# la fine è il mio inizio



## Minerva (31 Gennaio 2012)

Tre mesi prima di morire, Tiziano Terzani chiama il figlio Folco a Orsigna, nella loro casa di montagna, per raccontargli la sua vita. Padre e figlio si incontrano sotto un albero, unico testimone un registratore, e parlano della vita passata, delle passioni e dei divertimenti. 

Terzani racconta cose di cui prima non ha mai parlato: l'infanzia povera a Firenze e i primi passi nel mondo del giornalismo. 
I grandi momenti della sua vita - la violenza della guerra in Vietnam, la delusione del comunismo in Cina, l'orrore del futuro visto in Giappone - si alternano ai ricordi personali di viaggi avventurosi in zone proibite, di incontri con spie, e di passioni che lo hanno portato a collezionare migliaia di libri, statue tibetane e gabbie piene di uccelli esotici. 

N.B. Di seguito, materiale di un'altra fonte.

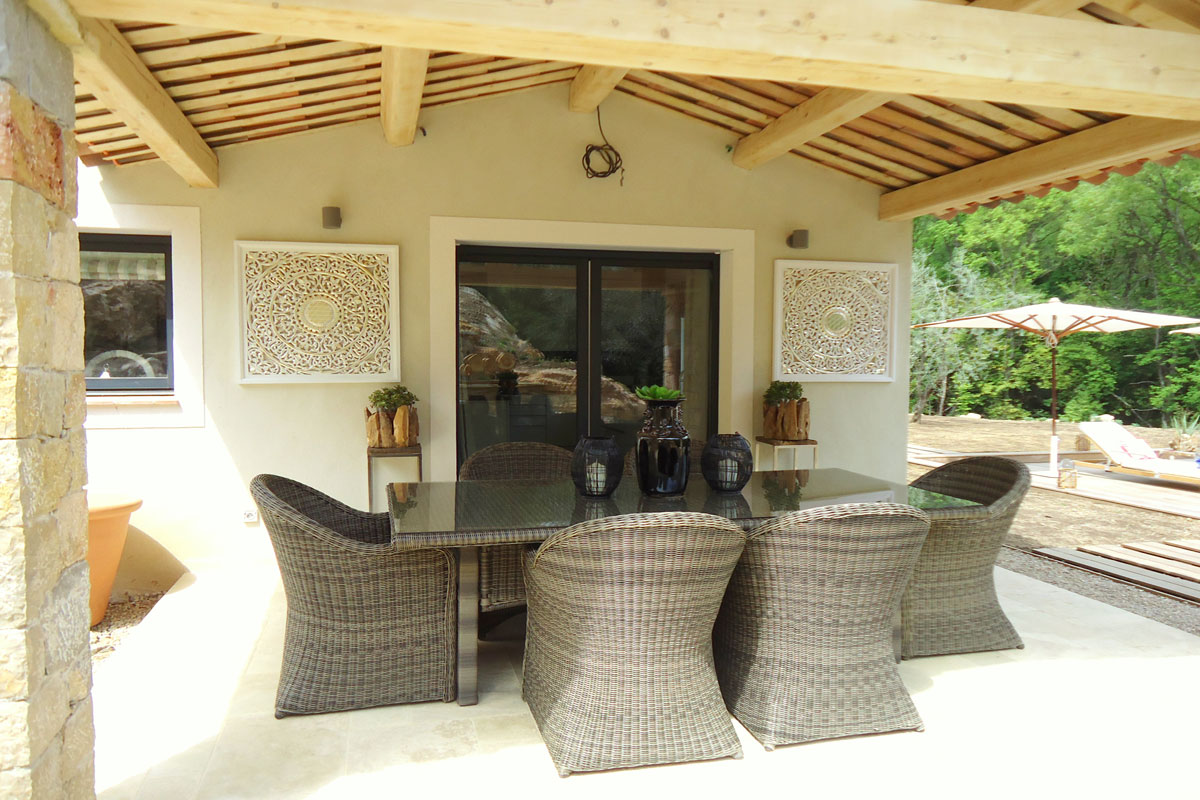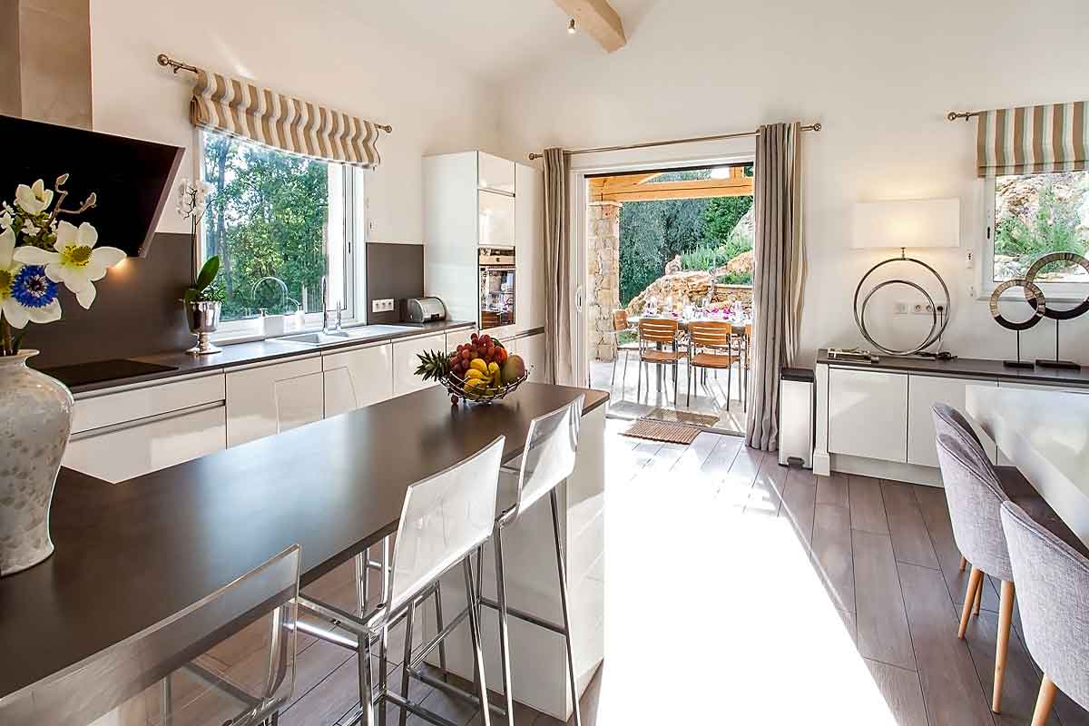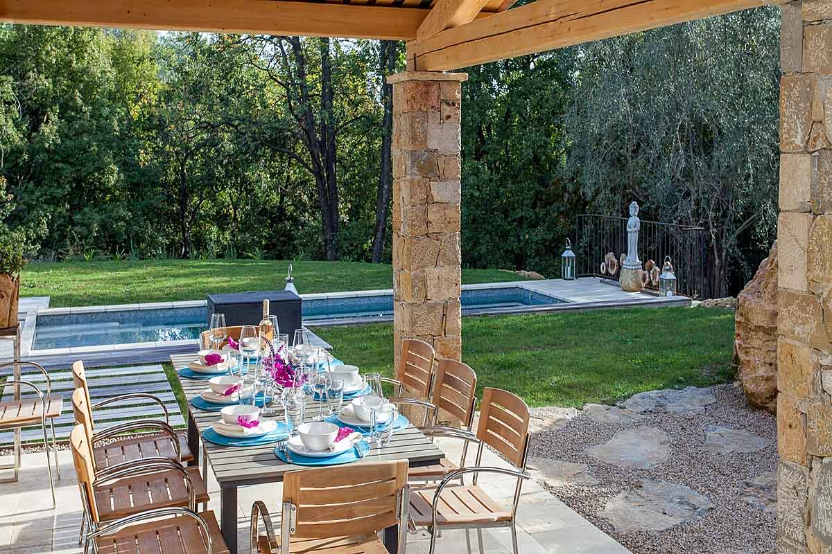 This French holiday rental has been tastefully built in Provencal style. Designed by an interior designer throughout with a lovely light spacious and luxurious feel. The living space is open plan, extremely spacious with large sliding doors onto the lawned gardens and pool area. Lovely views across woodland means this side is not overlooked.

Ed è così che parola dopo parola, ricordo dopo ricordo, Terzani si mostra in tutta la sua pienezza: un uomo dalla vita intensa, colorata ed energica, un viaggiatore d'eccezione, un testimone non sempre comodo che ha attraversato gli eventi della Storia, le guerre e i grandi temi politici degli ultimi cinquant'anni. 

"La fine è il mio inizio" è una biografia parlata, il testamento di un padre che cerca di passare al figlio l'essenza di quello che nella vita ha imparato e soprattutto, l'ultimo libro che Tiziano Terzani ci ha lasciato, l'ultima tappa di un lungo cammino per il mondo alla ricerca della verità. 

"Questo è stato il mio viatico: viaggiare per il mondo alla ricerca della verità."


----------